В конце прошлого года правительство приняло постановление о том, что заключенные могут лечиться и в обычных гражданских больницах, на эти цели были выделены бюджетные деньги. Но они остались неизрасходованными, поскольку до сих пор отсутствуют договоры между региональными УФСИН и департаментами здравоохранения. Сами же заключенные получают помощь в минимальном объеме.
— Минздрав так и не разработал поправки, позволяющие финансировать медицинскую помощь заключенным из фонда ОМС. Врачи-специалисты появляются в СИЗО в исключительных случаях, выезд конвоя в районную поликлинику ради одного больного арестанта — не меньшая редкость, — констатирует Куликовский.
По словам адвоката Владимира Жеребенкова, перечень заболеваний, препятствующий дальнейшему пребыванию до суда под стражей, был принят два года назад, составляли его силовики, врачи в разработке участия не принимали.

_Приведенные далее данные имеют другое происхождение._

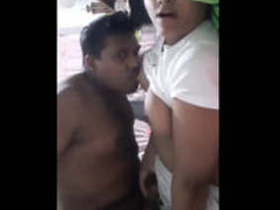 Indian girl gives a blowjob to her sexually aroused boyfriend in an outdoor setting

— В этом перечне оказались болезни, которые вылечить уже невозможно, с этими болезнями выпускают арестантов только на собственные похороны, а не для лечения, — возмущается Жеребенков. Он защищал Веру Трифонову с тяжелой формой диабета, которую обвиняли в покушении на крупное мошенничество. По заключению врачей, она почти не видела, у нее отказала почка, в легких скопилась вода, и три раза в неделю ей нужно было делать гемодиализ. Но судьи четыре раза оставляли ее за решеткой, хотя на заседания ее приносили на носилках. В результате в апреле 2010 года Вера Трифонова скончалась в СИЗО.
— Сейчас у меня другой подзащитный, Сергей Оганов, и с ним история похожая. У него диабет, но ни лекарств, ни квалифицированной помощи ему не оказывается. Он сам себе колет инсулин в Лефортово, — рассказывает Жеребенков. — Прокуратура против ареста, мы против ареста, а судья идет на поводу у следствия. При этом следователь вообще заявляет, что и выпускать его нельзя, потому что он болен. Так, мол, подследственный будет прятаться по больницам и мешать работе. А так он будет в тюрьме и лечиться, и у следователя всегда под рукой.
Председатель ГД по делам общественных объединений и религиозных организаций Ярослав Нилов считает, что тяжелые больные очень часто остаются за решеткой не только из-за жестокости и неверия их в ухудшение здоровья следователей и судей, но и потому, что в СИЗО ослаблен общественный контроль.
— Становится известно лишь о самых вопиющих случаях, когда у арестантов есть на воле близкие, которые могут дойти до правозащитников и журналистов. Арестантов попроще вообще никто не слышит, — говорит Нилов. — Поэтому нужно усиливать роль ОНК, которые должны чаще посещать СИЗО. Мы подготовили поправки, по которым члены ОНК имеют право вести видеосъемку в следственных изоляторах и тюрьмах. Чтобы никто не мог уже говорить, что обвинения арестантов и правозащитников голословны.